Homebuyers becoming major players in the housing market.
While a majority of the housing market was being swept up by investors, there is a trend showing traditional homebuyers are now reentering the market as big players.
In recent years, cash buyers and investors have taken advantage low prices and interest rates to buy distressed properties. According to the National Association of Realtors, investors bought 1.23 million homes in 2011, up 64.5 percent over 2010. However, that trend seems to be changing. New data has confirmed the recent surge in home sales indicates traditional homebuyers have begun to reenter the market. Cash home transactions, common among investors, were at 29 percent in April, down from 32 percent in March.
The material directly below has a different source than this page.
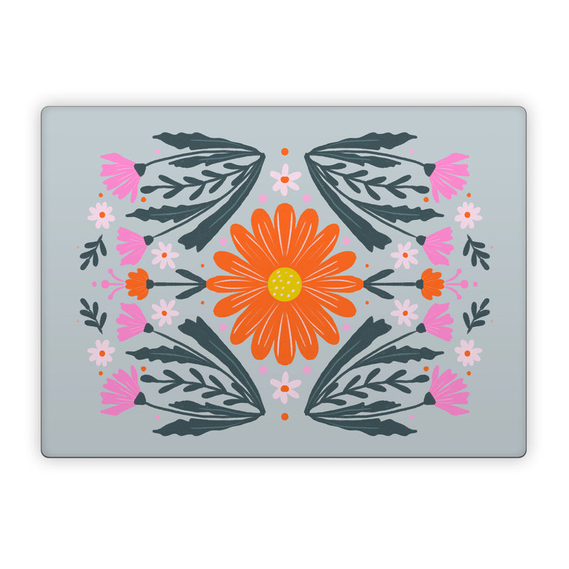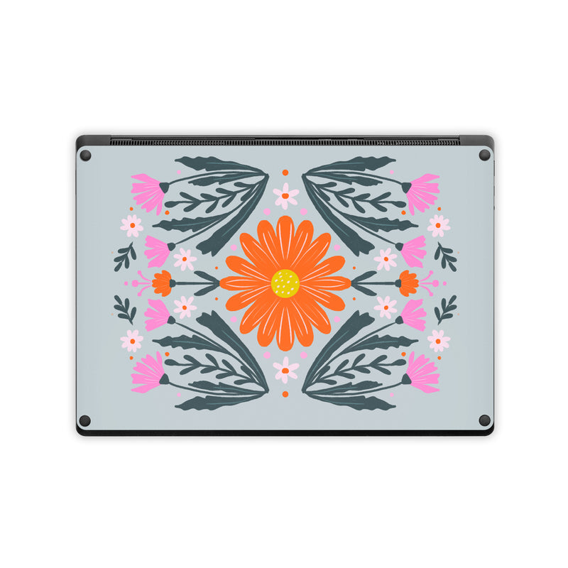iStyles Microsoft Surface Laptop Series Skin design of Petal, Gesture, Font, Flower, Pattern, Art, Creative arts, Floral design, Illustration, Flowering plant, with pink, orange, green, white colors, and tagged with patterns, flowers, nature, flowers, leaves, bonquet.

Traditional homebuyers are now taking advantage of the high affordability conditions. Realtors selling distressed and non-distressed homes nationwide are seeing growing numbers of homebuyers intending to occupy the properties putting down bids. Multiple offers are being made on properties and it is no longer solely the investors getting into bidding wars on properties.
Although economists agree that the housing market’s worst days are behind it, they say cash investors will continue to play a crucial role in nursing it back to health. Cash buyers also carry an advantage that many middle-class homebuyers lack: They have enough money in the bank to qualify for a mortgage. According to NAR data, an individual who purchased an investment property in 2011 had a median income of $86,100, compared to the $49,445 average median household income an American family earned in 2010, the Census Bureau reported.
Tight lending conditions still preclude many families who might have qualified for mortgages prior to the recession from buying, but that is less of an issue for investors and cash buyers. Economists say the latest figures offer some true signs of recovery for the nations stressed housing market since its fall in 2006 due to loose lending requirements.